During my last visit to Lapurdi, I had an “aha” moment for relation-oriented ontologies, which happened as I was running through a cave of hers. This had to do with musing about what I didn’t want, focusing on my breathing, then what I was struggling to articulate came into form suddenly. There are tales of shepherds walking into he caves by the ocean (there are many in and around Biarritz like this) and seeing hundreds of empty cups, chalices, and bowls. When asked why they are not filled, Mari replies that they are – filled with “no”.
Ez and eza here have many valances that elude English. I was taught that what was in her cups was not nothing in the English-language sense: it was filled with space. Her caves (another “space place” among the rocks and ocean) are filled with potentials, rich with things in-motion that many cannot see…but the ongoing act of ezis as close as we - women and genderfluid humans and nonhumans associated w/Mari - can get to making this legible to others.
...Zulaika frames nourishment by the negative within European political contexts in this chapter, but much of what it touches on is beyond those markers:
There can be no libertarian conception of politics as long as one party tries to dominate the other side intellectually or politically by holding onto an ultimate foundation of the social. “Nourishment by the negative” will always be the starting point for such a political project—as negation is the primary step in the creation of a new process.[p. 135]
Taking relational networks and flows alongside negation as starting points for political projects, and heeding the call of Afrofuturist and Indigenous Futurisms to imagine into being other worlds, other communities:
What does my Basque/Euskalduna worldmaking look like when negation is the generative start?
What does this dissertation writing and research look like with eza as their beginning?
The last sections of this Interstice are my engagement with steps of negation, the acts of having to refute and negate activated my own processes of holding these Western methodologies, weighing them and the associated ontological pulls, then taking in useful kinetic energy while refuting the need to constantly carry them along as ‘proof’.

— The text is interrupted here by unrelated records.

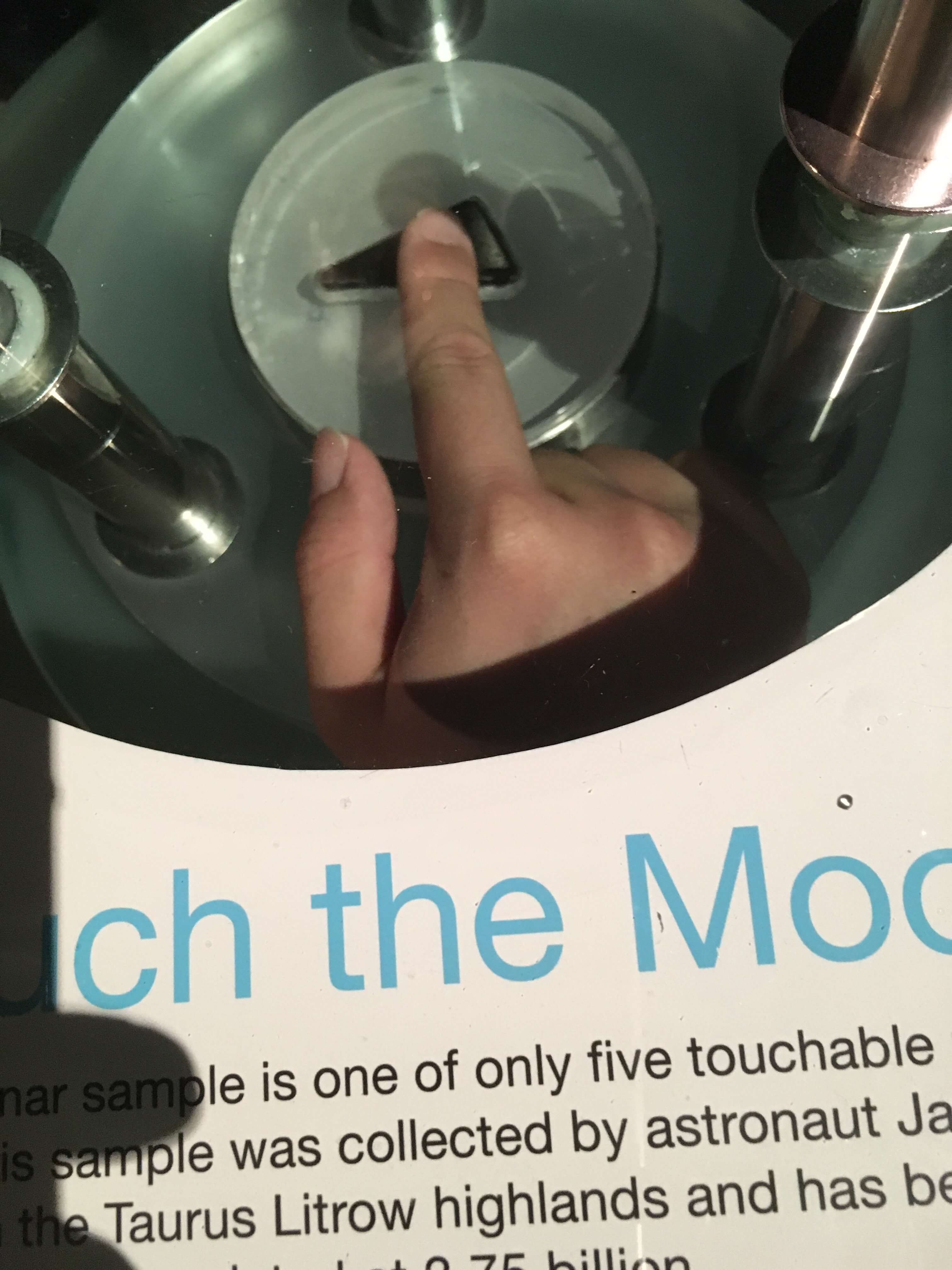 There are only five places in the world where a member of public can touch a piece of the moon recovered from one of the Apollo missions, not just from lunar meteorites. There’s one in the Johnson Space Center in Houston, Kennedy Space Center in Florida, Smithsonian Air and Space Museum in DC, Griffith Observatory in Los Angeles, and the MacMillan Space Center in Vancouver.
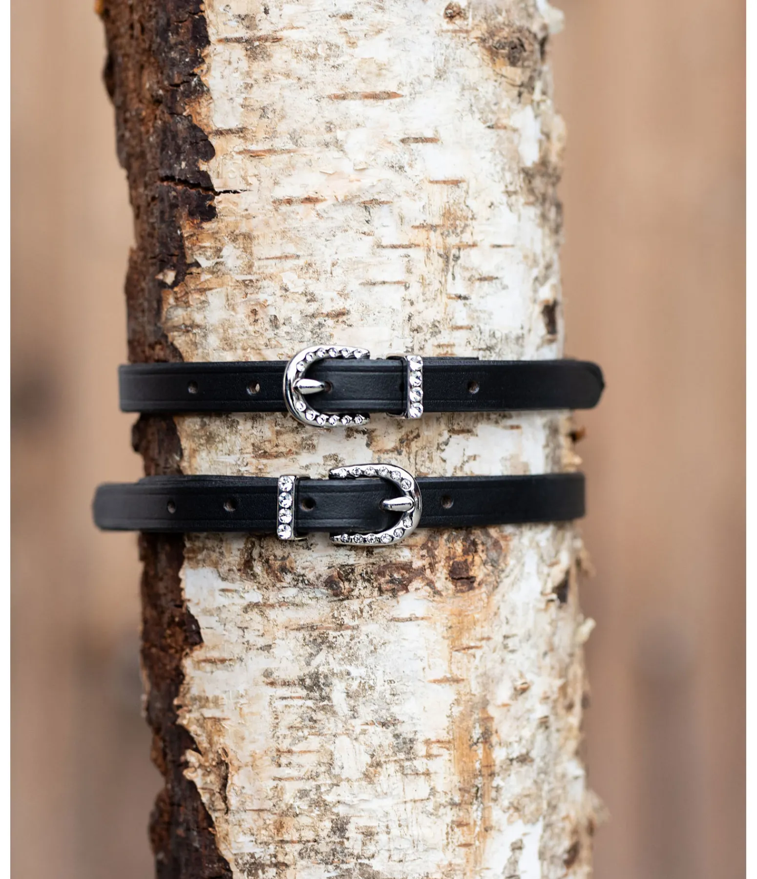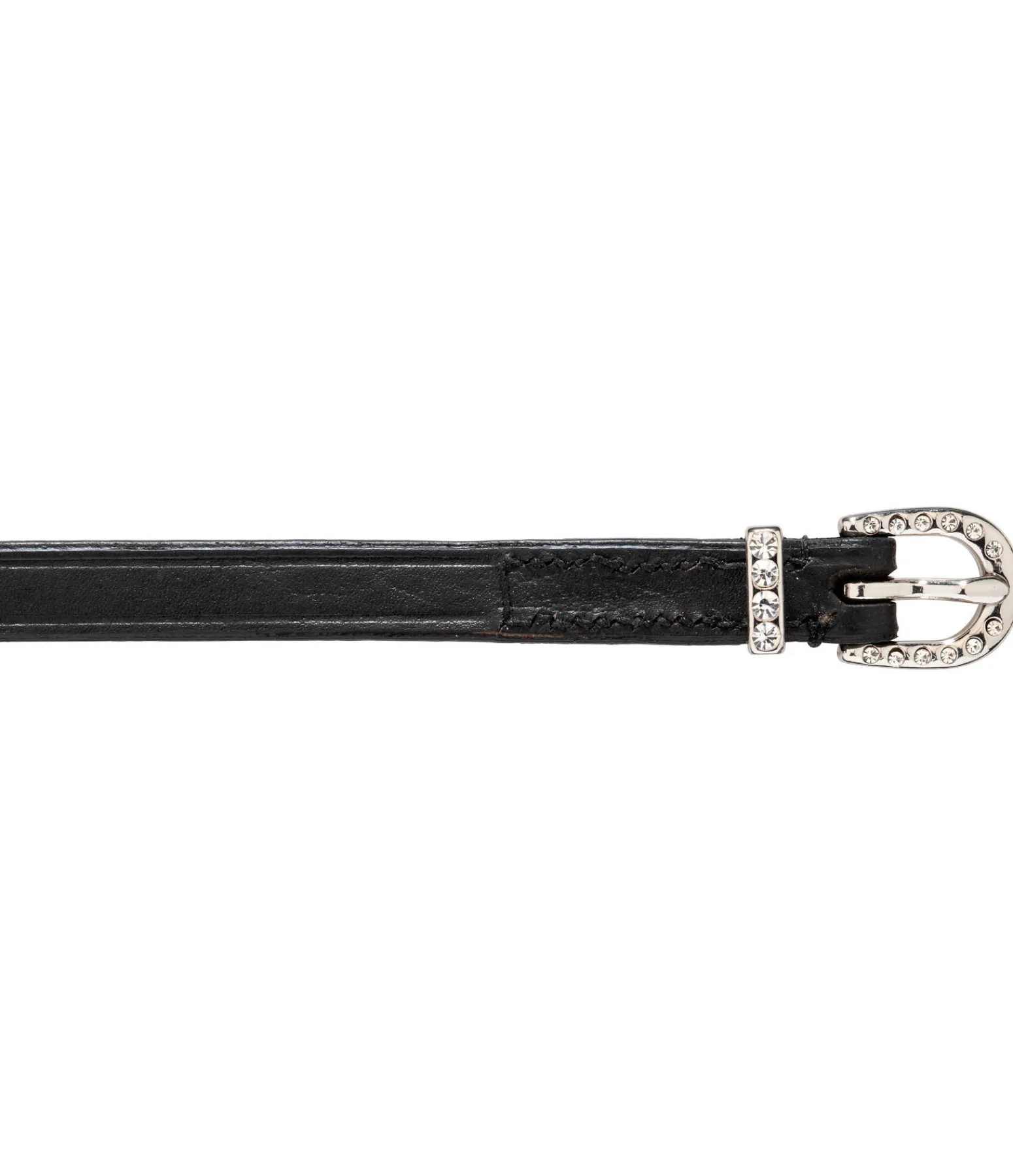 Lanières d’éperons en cuir de grande qualité avec boucles ornées de strass étincelants.
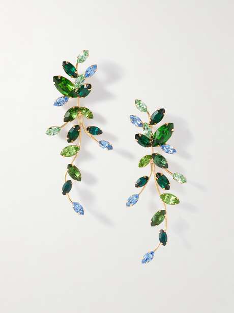 EXCLUSIVE AT NET-A-PORTER. Jennifer Behr's 'Vivica' earrings are designed to look like vines trailing from your lobe. They're cast from gold-tone metal and are set with blue and tonal-green crystals in leaf-like marquise cuts.
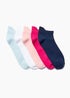 Stock up on everyday essentials with this handy five-pack. Crafted from soft microfibre, the socks are designed to remain hidden beneath trainers and come in a selection of blue, pink and white.
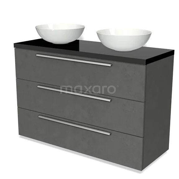 Modulo Plato Badmöbel mit Aufsatzwaschbecken | 120 cm Dunkelgrauer Beton Flach front Hochglanz Schwarz blatt 3 Schubladen
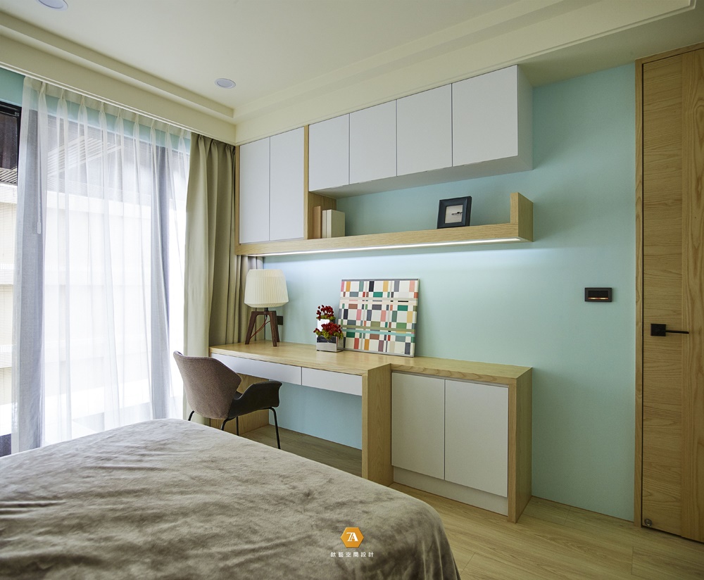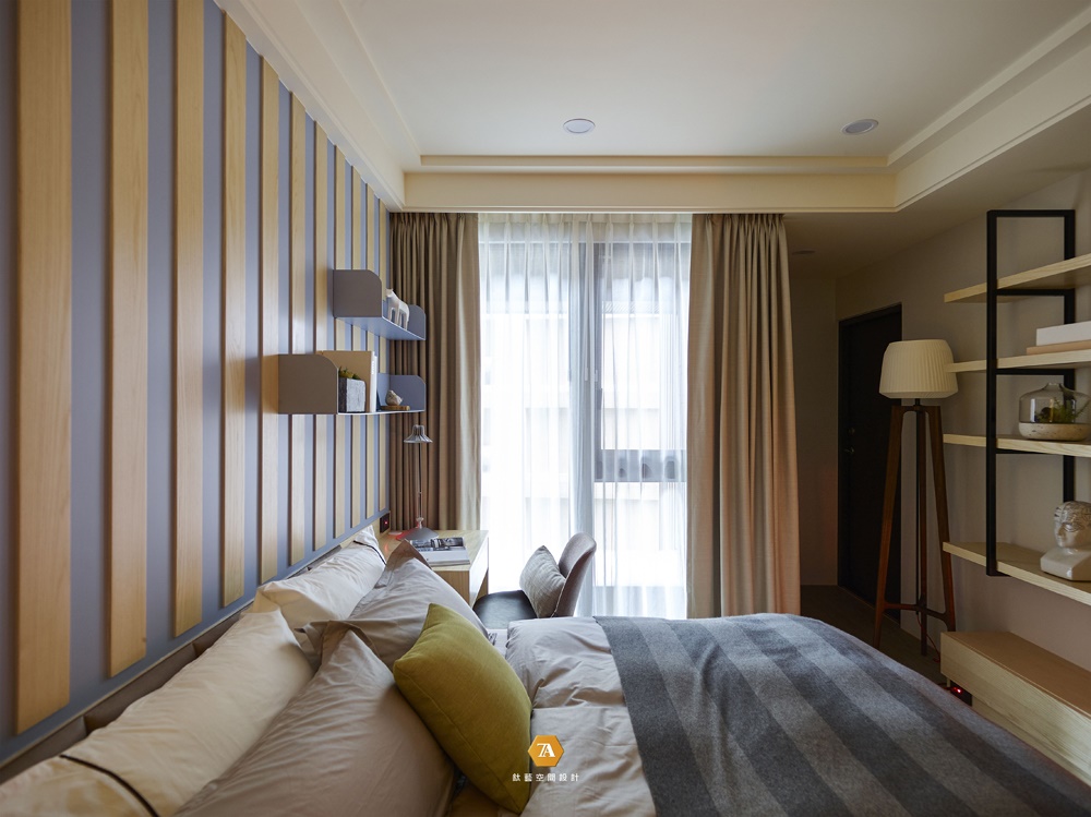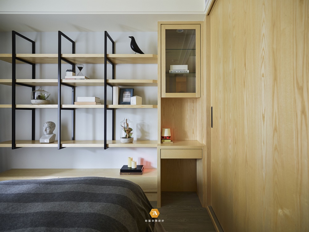 來到臥室,大面積木質地材質,搭配鮮明活潑的色彩,營造出輕松愉悅的空間氛圍,鐵件層架的設計,則打破固有櫃體思維,減少厚重的感官體驗。
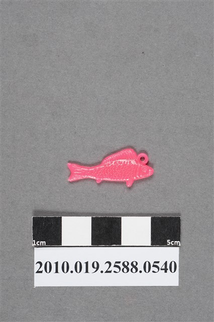 1.本物件為魚造型尪仔仙,為粉紅色塑膠材質。外型為魚,魚頭的眼及嘴構造明顯,額上有圓形環。魚身飾有魚鱗,背上有大片背鰭,身體下方有腹鰭及臀鰭,尾鰭下端有斷損痕跡。物件背面與正面同。本系列尪仔仙多為相同塑膠模版,僅有顏色不同,或是同色同塑膠模版等形式。
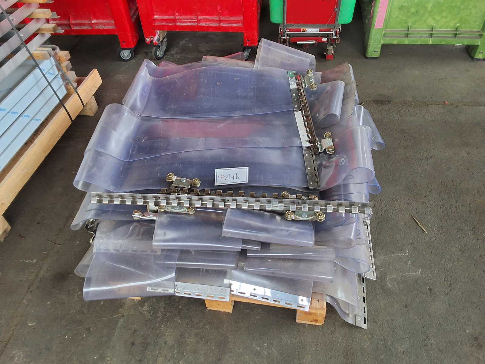 Slat curtain, consisting of individual slats each 4000 mm long and 300 mm wide with hook + roller system a total of 40 slats = 12 m wide and 4 m high Auction-ID: A7-45677-146
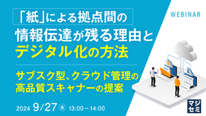 そこで本セミナーは、サブスク型、クラウド管理の高品質スキャナーを活用して、担当者スキルに依存しない企業の拠点間の情報伝達のデジタル化を実現する方法について解説します。
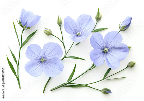 A collection of delicate light blue flowers with buds and green stems on a white background.
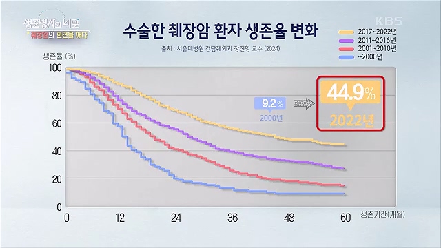 - 수술한 췌장암 환자 생존율 변화(출처:서울대병원 간담췌외과 장진영 교수 2024) : 2000년 9.2%=> 2022년 44.9%
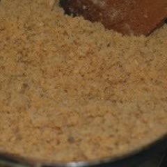 Lấy cá ra, dùng chày giã nhỏ cá hồi thành những mảnh vụn. Làm nóng dầu ăn trong chảo, cho cá hồi, 2 muỗng canh nước mắm vào, đảo đều đến khi ruốc cá hồi khô lại. Dùng muỗng chà, ép cá xuống chảo để ruốc cá hồi nhanh khô.
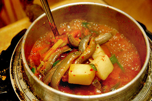 日本でもどじょう鍋を食べますが、韓国のは辛めでとっても美味しいです。
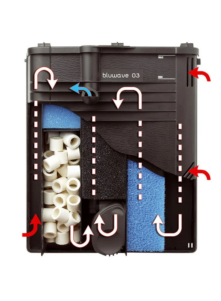 - il filtro Bluwave 03 è stato potenziato con la pompa Blupower 350 l/h in modo da garantire un’acqua sempre limpida e cristallina.
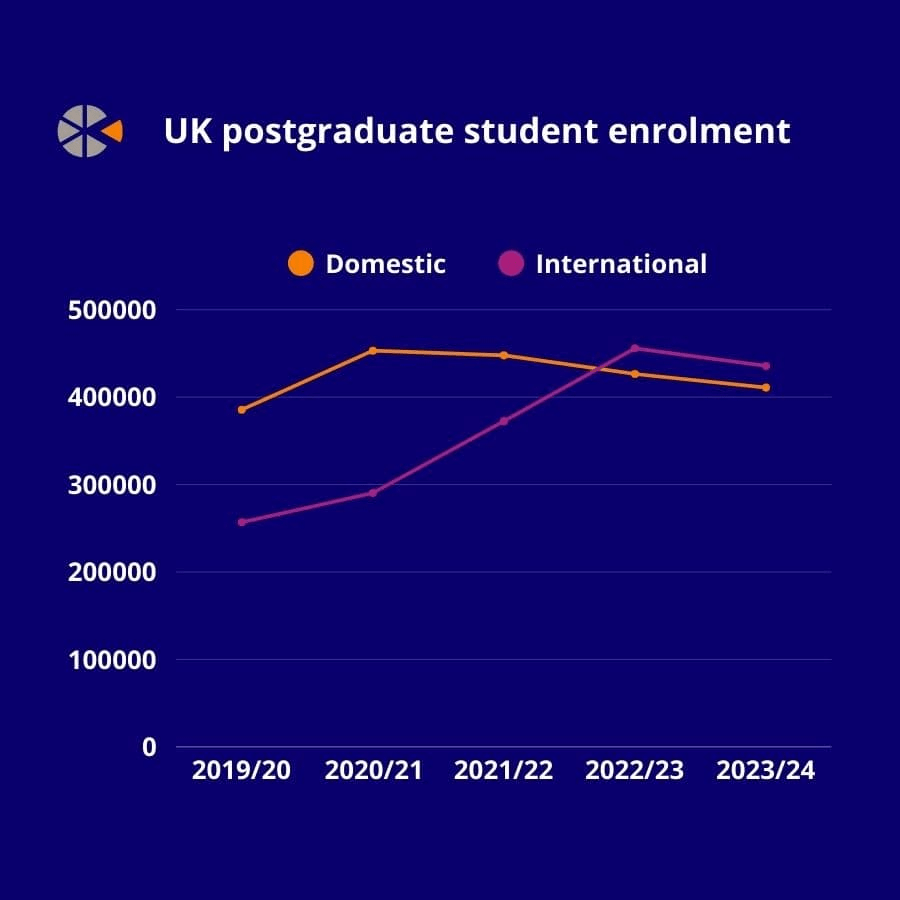 Meskipun terjadi penurunan secara keseluruhan, mahasiswa internasional menyumbang lebih banyak pendaftaran pascasarjana daripada mahasiswa domestik, dengan hampir 60% mahasiswa dari luar negeri menempuh studi pascasarjana.
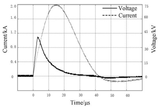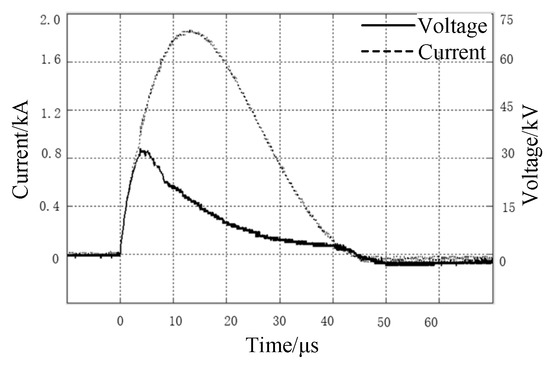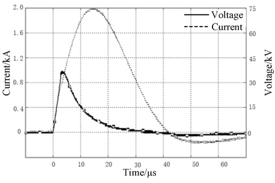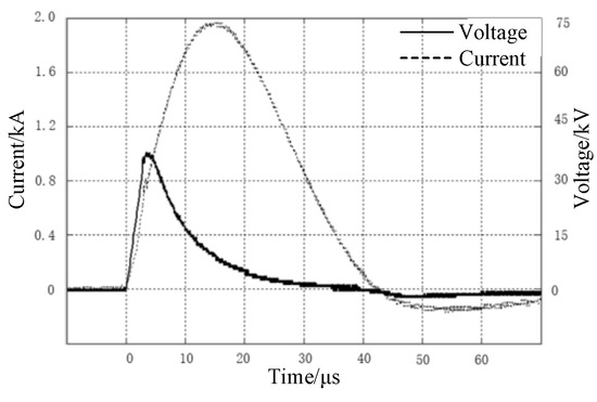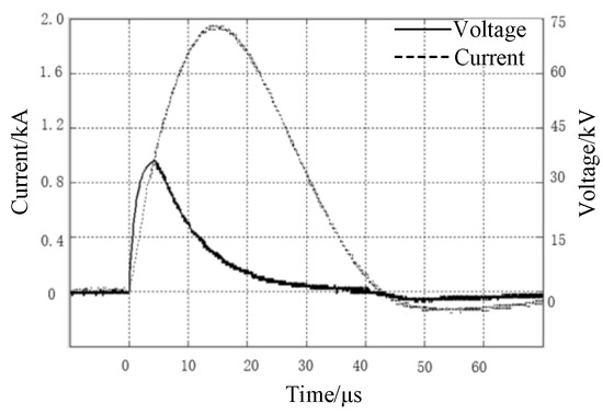 Current and voltage waveform of modified soil with the water content of 25% when injected into the impulse current.
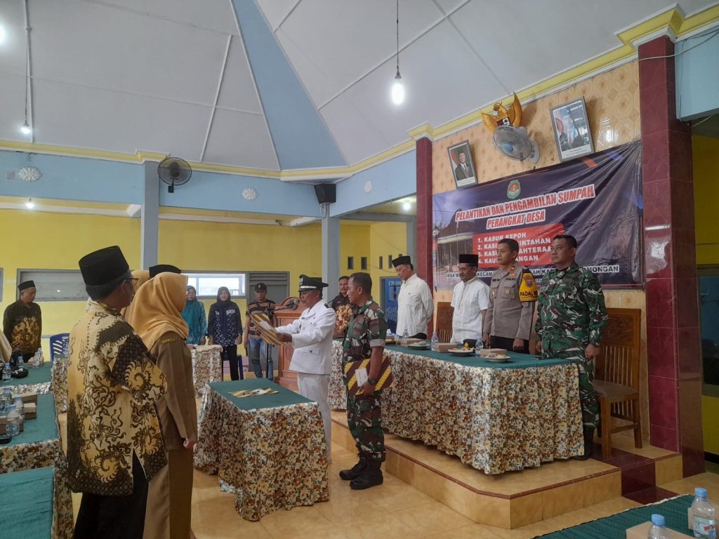 Rangkaian acara diawali dengan pembacaan SK Kepala Desa, dilanjutkan pengambilan sumpah jabatan, penandatanganan berita acara, serta penyerahan salinan SK kepada perangkat desa yang baru dilantik.
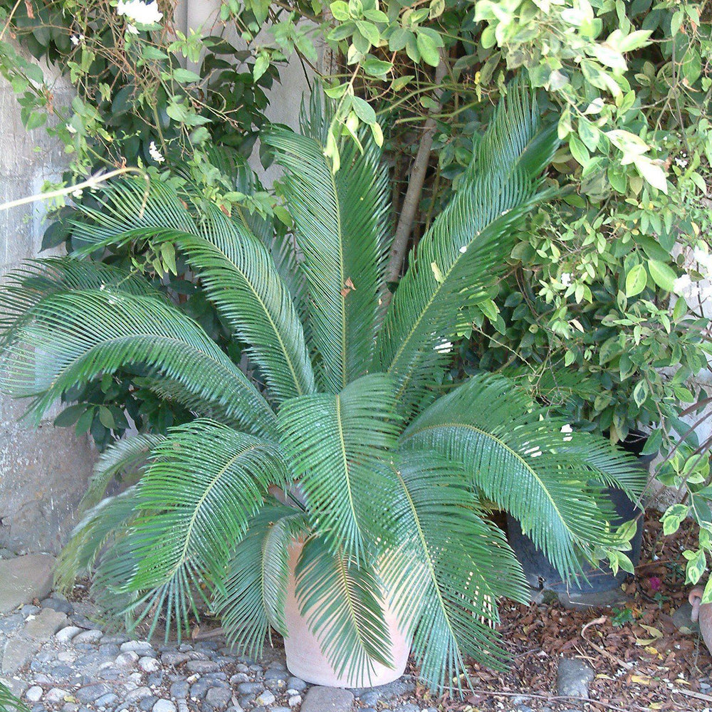 Sago Palm is a very slow growing symmetrical evergreen shrub that, despite the name, is closer to a conifer than a palm. The arching, palm-like palmate foliage with revolute edges sits atop a shaggy upright trunk creating a feathery rosette. Grows best with part sun and consistently moist well-drained sandy soils. Males produce upright yellow pollen cones, while females will produce round cones with bright red seeds if a male is nearby. Does not flower when indoors. Drought tolerant once established.

These processes of negation eventually cleared enough space to cultivate different ways of sensing and futures-relations. Tuck and Gaztambide-Fernández articulate futurity as ways of knowing about and relating to futures. Futurity is not merely another way of saying future, rather it is “a lens to shake up the dominant, linear and causal way of speaking about and tracing relationships between past, present and future.”[p. 80]
Taking into account my articulations of ez, the moment after the exhale is a pause that resists the urge to hurry and progress in linear fashion. This shakes up dominant paradigms – one small pause at a time - before the next inhale, supporting cycles that breathe (re)newed worlds into being.